Author: Chris Boggs
Every state and the District of Columbia grants insurance carriers an "underwriting period." Insurance carriers are granted broad authority to cancel a newly-written policy during this statutorily-limited period. Note, the underwriting period applies to only newly written policies, not renewals of existing policies.
Insurance carriers are given the opportunity to confirm all underwriting data provided in the application during the underwriting period granted by the state During this period, the carrier may "pull" underwriting data such as driving records, insurance (credit) scores, loss histories, and they may even inspect the property.
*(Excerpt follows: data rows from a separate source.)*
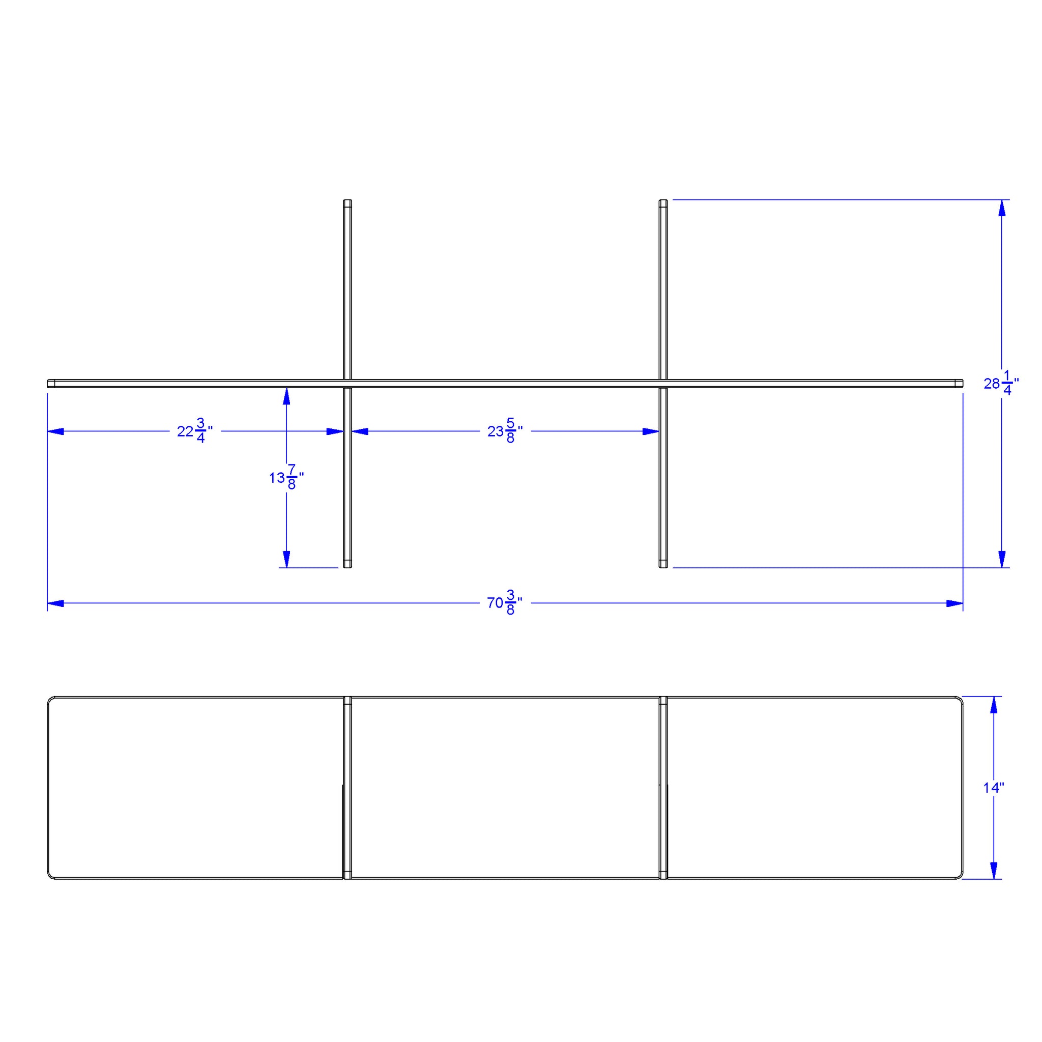Dimensions: 14" High x 70.5" Wide x 28.5" Deep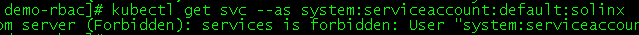 kubectl get svc --as system:serviceaccount:default:solinx Error from server (Forbidden): services is forbidden: User "system:serviceaccount:default:solinx" cannot list services in the namespace "default"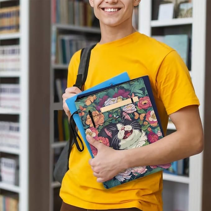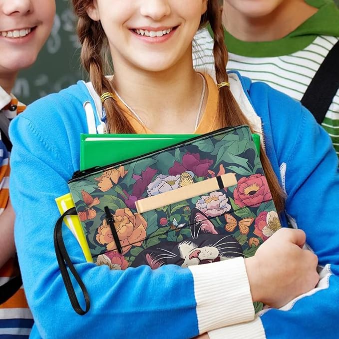 COEQINE Book Sleeves Cats Flower Book Covers Book Lover Gifts Book Protector with Zipper Book Covers for Paperbacks Book Pouch with Pockets Travel Book Case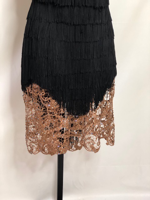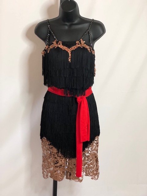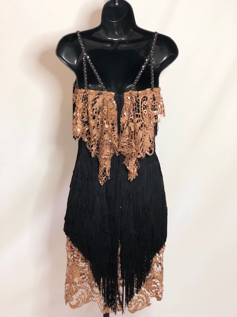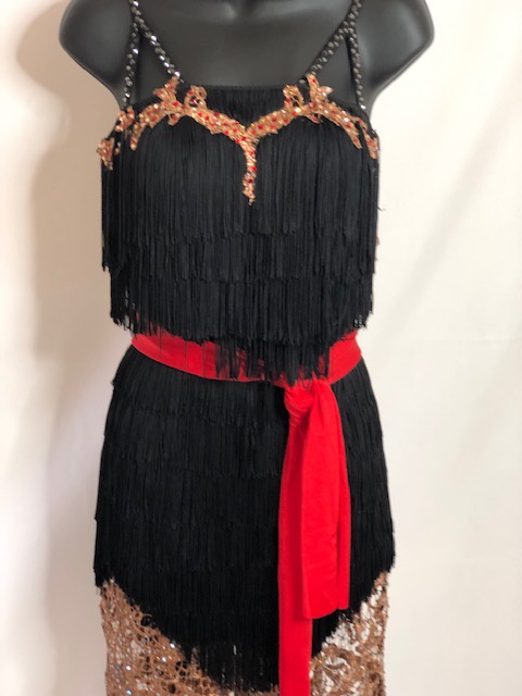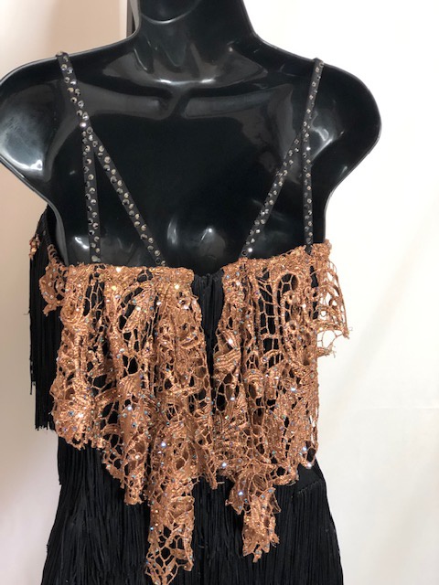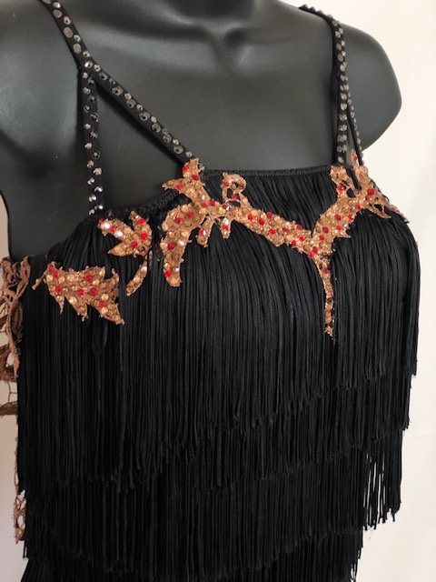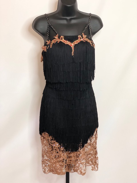This black rhythm/latin dress shows amazing on dance floor. Size S/M can fit a size 4-6 USA.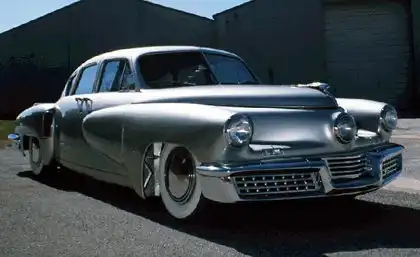 Только что победоносно закончилась Вторая мировая война. Будущее казалось безоблачным, обещало прогресс и всеобщее процветание. Наряду с пластиком, шариковыми ручками и персональными вертолетами публике пообещали «Автомобиль будущего». И он не замедлил появиться в образе прототипа Tucker Torpedo. В 1945 году в США был отменен действовавший в годы войны запрет на производство легковых автомобилей. Не имея в своих активах новых проектов, и «Большая Тройка», и другие компании в спешном порядке выбросили на изголодавшийся рынок хоть и слегка обновленные, но порядком устаревшие довоенные модели. И вот на фоне этого унылого однообразия подобно вспышке сверхновой звезды появляется прототип Такера! Машина произвела ошеломляющее впечатление. Длинный, низкий, «зализанный» кузов с заостренным носом, покатой задней частью в стиле фастбек и крыльями мотоциклетного типа, поворачивавшимися вместе с передними колесами. Синхронно с колесами поворачивалась и дополнительная центральная фара в носовой части капота. Утопленные в крылья основные фары выдвигались и включались автоматически по команде никому тогда еще не известных фотоэлементов.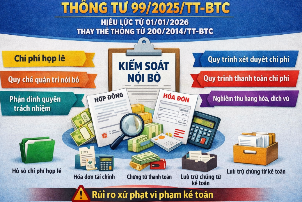 Tóm lại, Thông tư 99/2025/TT-BTC không chỉ thay đổi chuẩn mực và chế độ kế toán, mà còn gián tiếp buộc doanh nghiệp phải nâng cấp tư duy quản trị chi phí và kiểm soát nội bộ. Doanh nghiệp nào chủ động xây dựng quy trình rõ ràng, minh bạch, có kiểm soát và lưu trữ hồ sơ đầy đủ sẽ giảm thiểu đáng kể rủi ro pháp lý, đồng thời tạo nền tảng quản trị tài chính bền vững trong giai đoạn mới.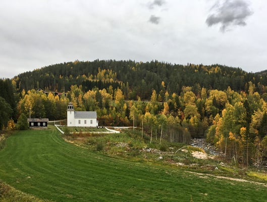 The church of Hovin is a long church built in block construction with room for 250 men. Above the entrance to the “våpenhuset” (weapons room – so the entrance area of a church is called because the visitors had to lay their weapons here) is written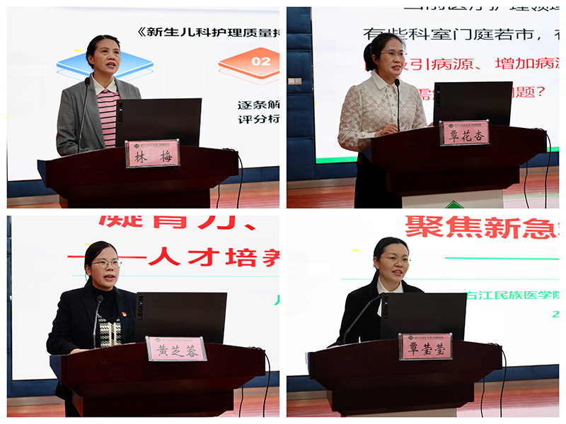 其后,临床医学院(附属医院)新生儿科、儿内科二病区、百东普通外科、急诊科等科室护士长相继在会上做了工作经验分享。他们分别从护理质量与安全管理制度创新落实、“一科一品”科室特色活动创建、护理骨干人才培养模式探索、多学科协同健康科普工作推进等各个方面充分展示了护理工作成效,让在场的护理同仁产生了强烈的共鸣,为各护理专科工作和学科发展提供了学习借鉴机会。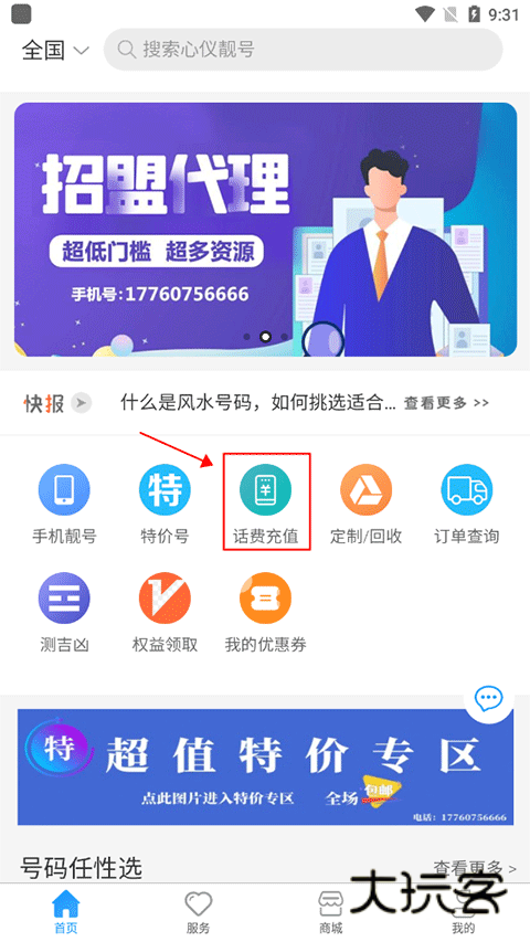 号令天下是一款非常好用的手机选号软件,同样的软件中有着非常丰富的功能可以进行使用同样的软件中界面设计的非常的简洁操作也很简单没有任何的广告,软件中用户可以自由的选择需要的电话号码进行使用非常的方便,并且软件中还有着电话充值服务为用户提供各种便利,当然软件中用户还可以进行号码查吉凶非常的有趣,软件中还有多种优惠券等待着用户获得使用。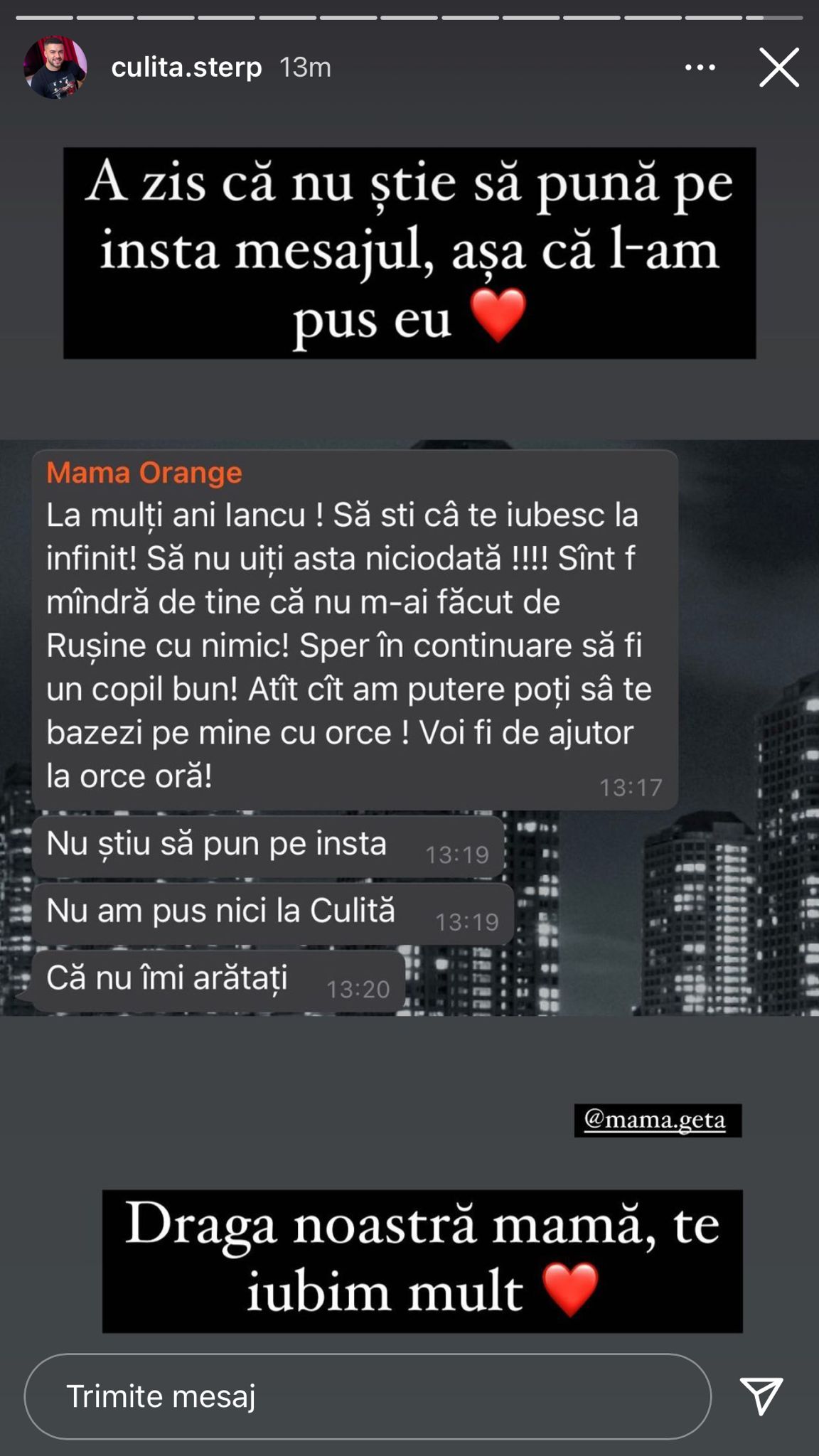 Așa că, băiatul cel mare, Culiță Sterp, a postat el mesajul pe care mama lui l-a scris cu ocazia zilei de naștere a lui Iancu. Mama Geta a mărturisit că Iancu nu a făcut-o niciodată de rușine și că este mândră de el!

All this is done to assure that the risk presented in the application is, in fact, the truth of the risk.
Without an underwriting period, insurance carriers may be "stuck" on a risk they accepted based on a less-than-accurate application (which we all know would never happen). The only way the carrier could cancel in these situations would be subject to the statutory mid-term cancellation allowances, which can be somewhat limited, listing specific reasons a policy can be cancelled.
Limitations on Cancellations
Statutes apply one of two "levels" of limitations regarding the reasons a policy can be cancelled during the underwriting period. Policies can be cancelled for:
- Any valid reason; or
- Any valid underwriting reason.
Any Valid Reason
There is no limitation on the reason a carrier can cancel. An insurer can cancel for "any" reason provided no other statute is violated (such as an unfair trade practice statute).
Any Valid Underwriting Reason
"Any valid underwriting reason" essentially means the underwriter can use any reason that would have kept him or her from writing the risk initially. For example, if the true extent of the loss history is discovered after the effective date and during the underwriting period, and such knowledge up front would have resulted in a different underwriting decision – that is a "valid underwriting reason."
Length of Underwriting Period
A 60-day underwriting period is by far the most common. Thirty-eight states allow a 60-day new policy underwriting period. The shortest allowed is 30 days (Washington DC) and the longest is 120 days (South Carolina). Further, several states apply multiple underwriting periods based on the line of business.